|(L to R) Japan’s Defense Minister Taro Kono, Liberal Democratic Party member Fumio Kishida, Japan's Chief Cabinet Secretary Yoshihide Suga, and Liberal Democratic Party member Shigeru Ishiba, who are contenders to replace Shinzo Abe after announcement of his resignation as the country's prime minister (Photo: AFP)|
Shinzo Abe’s abrupt decision to step down over health problems has triggered an election in his Liberal Democratic Party (LDP) to replace him as its president, followed by a vote in parliament to elect a new prime minister.
On August 31, the Japan-based news outlet published its poll regarding potential contenders to succeed Abe’s tenure as the Prime Minister of LDP.
According to the survey, Ishiba is seen by the public as most fit to succeed Abe as LDP party leader, with 34.3% of support among those surveyed. He has backed economic policies seen as more populist than Abe’s, and has opposed party moves that might have irritated China. Ishiba was the only politician to run against Abe in the last party race in 2018.
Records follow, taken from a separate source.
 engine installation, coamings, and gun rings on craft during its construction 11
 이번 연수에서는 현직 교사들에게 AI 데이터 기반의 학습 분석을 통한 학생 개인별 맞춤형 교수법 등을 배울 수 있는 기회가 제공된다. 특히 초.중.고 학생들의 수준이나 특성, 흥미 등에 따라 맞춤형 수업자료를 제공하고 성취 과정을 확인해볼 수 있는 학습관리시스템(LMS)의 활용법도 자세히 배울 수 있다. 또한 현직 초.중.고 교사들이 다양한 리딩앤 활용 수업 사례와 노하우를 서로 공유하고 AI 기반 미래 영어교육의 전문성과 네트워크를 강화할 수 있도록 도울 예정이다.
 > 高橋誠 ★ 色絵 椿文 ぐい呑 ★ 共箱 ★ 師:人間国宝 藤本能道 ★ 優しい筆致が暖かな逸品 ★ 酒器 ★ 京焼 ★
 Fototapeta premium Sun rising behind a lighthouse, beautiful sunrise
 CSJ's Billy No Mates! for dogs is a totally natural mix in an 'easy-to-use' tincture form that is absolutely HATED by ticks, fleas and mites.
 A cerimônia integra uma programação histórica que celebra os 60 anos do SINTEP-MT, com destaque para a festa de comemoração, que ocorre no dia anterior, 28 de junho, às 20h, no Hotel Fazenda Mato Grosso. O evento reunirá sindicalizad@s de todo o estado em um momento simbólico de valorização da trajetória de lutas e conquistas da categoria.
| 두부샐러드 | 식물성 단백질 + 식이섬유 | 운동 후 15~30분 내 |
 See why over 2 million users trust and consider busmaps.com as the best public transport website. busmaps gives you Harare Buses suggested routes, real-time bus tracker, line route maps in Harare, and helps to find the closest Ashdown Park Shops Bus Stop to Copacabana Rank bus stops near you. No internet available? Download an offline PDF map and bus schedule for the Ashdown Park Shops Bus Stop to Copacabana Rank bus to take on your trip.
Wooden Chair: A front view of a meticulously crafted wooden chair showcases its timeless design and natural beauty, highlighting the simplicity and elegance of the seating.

Yoshihide Suga, loyal lieutenant since Abe’s troubled 2006-2007 first term, had 14.3%, and Defence Minister Taro Kono had 13.6% support in the Kyodo poll.
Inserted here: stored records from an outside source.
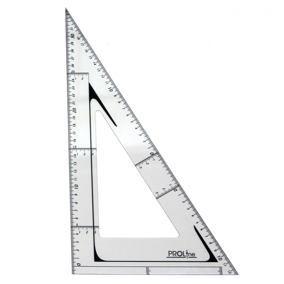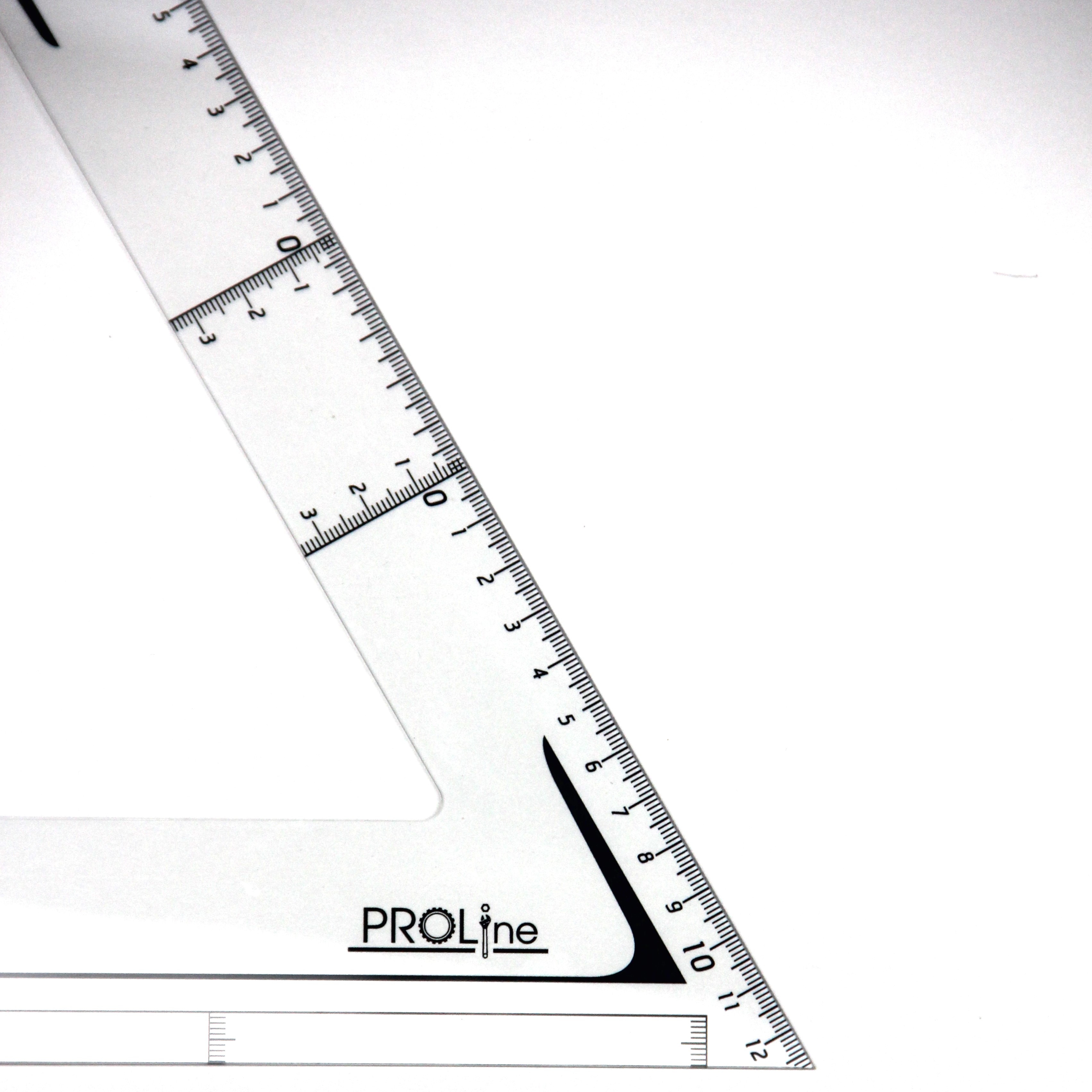 Присутствует отступ от края величиной 1 см с разметкой, что позволяет измерять как от нуля так и от края угольника. Нулевая риска продлена вдоль всего угольника, для гораздо более удобного черчения и измерения перпендикулярных линий.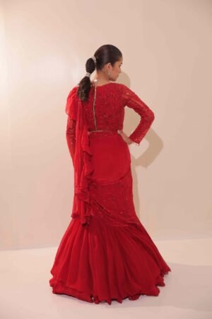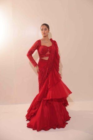 Drenched in a vibrant red hue, this pre-draped saree features cascading ruffles that add volume and movement, paired with a heavily embellished long-sleeve blouse.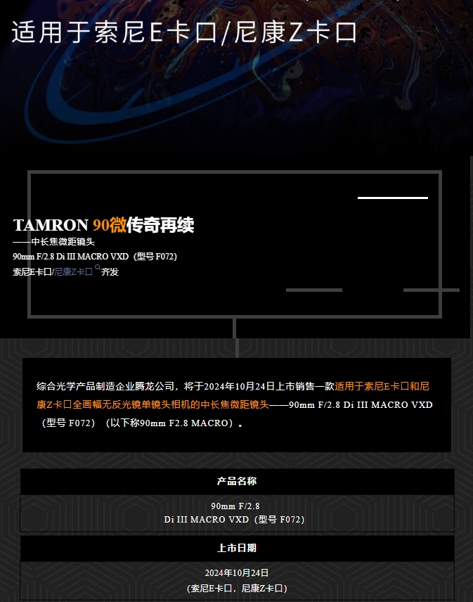 全新国行丨腾龙90mm F2.8 Di III MACRO VXD F072全画幅中长焦微距镜头索尼E/尼康Z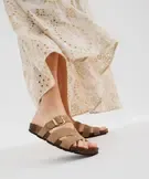 Ces mules femme combinent confort ergonomique et design moderne. Leur semelle intérieure en cuir épouse la forme du pied pour offrir une marche agréable. La tige structure le pied grâce à une bride simple associée à une double bride à découpe graphique, créant un jeu de lignes sobre et sophistiqué. La boucle dorée permet de régler la largeur du chaussant. Féminins et actuels, ces sandales s'enfilent en un clin d'œil et sont faciles à assortir.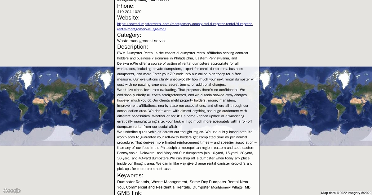 Address: 9690 Montgomery Village Ave, Montgomery Village, MD 20886 Phone: 410-204-1029 Website: https://ewmdumpsterrental.com/montgomery-county-md-dumpster-rental/dumpster-rental-montgomery-village-md/ Category: Waste management service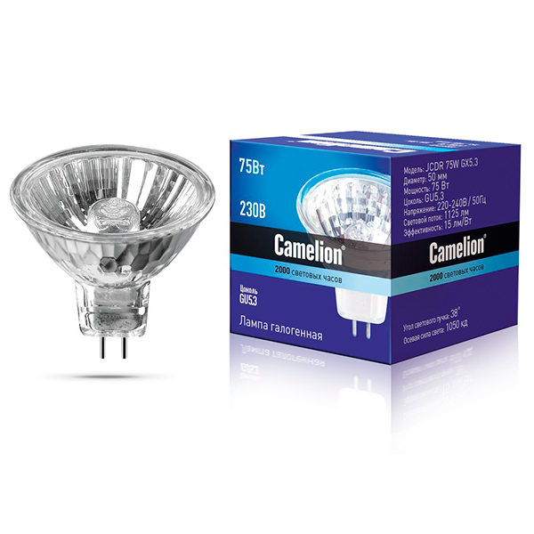 Галогенная лампа Camelion 1954 сетевого напряжения с дихроичным отражателем и защитным стеклом - JCDR, 220 В. Яркий искрящийся свет и идеальная цветопередача создают эффект "бриллиантового света". Срок службы 2000 ч.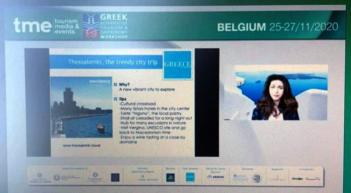 Από τις 25 έως τις 27 Νοεμβρίου πραγματοποιήθηκε το Virtual Greek Alternative Tourism & Gastronomy Workshop 2020 με στόχο το βελγικό κοινό, στο οποίο συμμετείχε ο Οργανισμός Τουρισμού Θεσσαλονίκης. Ήταν μια σημαντική διαδικτυακή διοργάνωση κατά τη διάρκεια της οποίας πραγματοποιήθηκαν webinars για όλους τους συμμετέχοντες με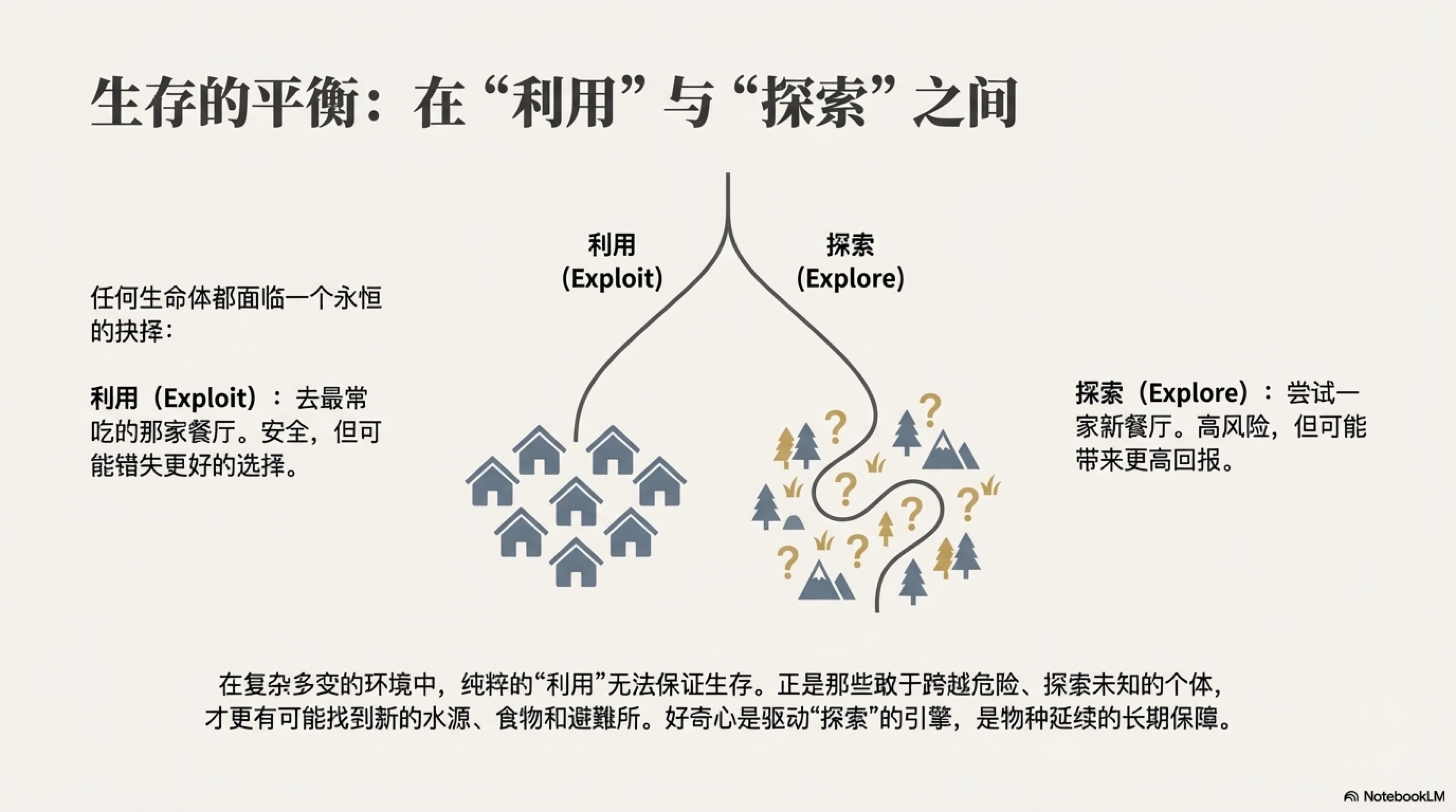 比如,你要去一家你最喜欢的餐厅吃饭(利用,Exploit),还是去一家新开的、可能很难吃也可能很惊艳的餐厅(探索,Explore)?如果你永远只“利用”,你的生活是安全的,但你永远发现不了更好的东西;如果你永远在“探索”,你可能会饿死。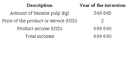 The establishment of the plant to obtain banana pulp is proposed within an area of the INSANC enterprise, therefore, for the economic evaluation; some expenses are not taken into account, which are assumed by enterprise.

|former Defence Minister Shigeru Ishiba is seen by the public as most fit to succeed Abe as LDP party leade (Photo: Bloomberg)|
The scaled-down LDP race could, however, disadvantage Ishiba, a soft-spoken security maven who has also held portfolios for agriculture and reviving local economies. He defeated Abe in the first round of a party election in 2012, thanks to strong grassroots support, but lost in the second round when only MPs could vote. In a 2018 party leadership poll, Ishiba lost heavily to Abe, Bloomberg reported.
Meanwhile, Suga is considered the brightest candidate to take Abe’s place, thanks to the support from many LDP MPs, including LDP Secretary-General Toshihiro Nikai.
Environment Minister Shinjiro Koizumi, the 39-year-old son of former Prime Minister Junichiro Koizumi and a rising political star, won’t join the race but would back Kono if he does, national broadcaster NHK reported.
Another survey conducted by the Nikkei and TV Tokyo revealed Ishiba got 28 percent support from respondents, followed by Kono with 15 percent and Suga with 11 percent.
|Yoshihide Suga (Photo: Cafe Biz)|
These surveys, however, reflect the real situation as the coming election only involves within the LDP party instead of voters from nationwide, or the entire parliament.
Usually, the party must announce the election for its leader a month in advance, and its members of parliament vote along with grassroots members. But with Abe’s sudden departure, the LDP will hold a slimmed-down election to avoid a political vacuum, aiming for a vote around Sept. 13-15, public broadcaster NHK said on Sunday.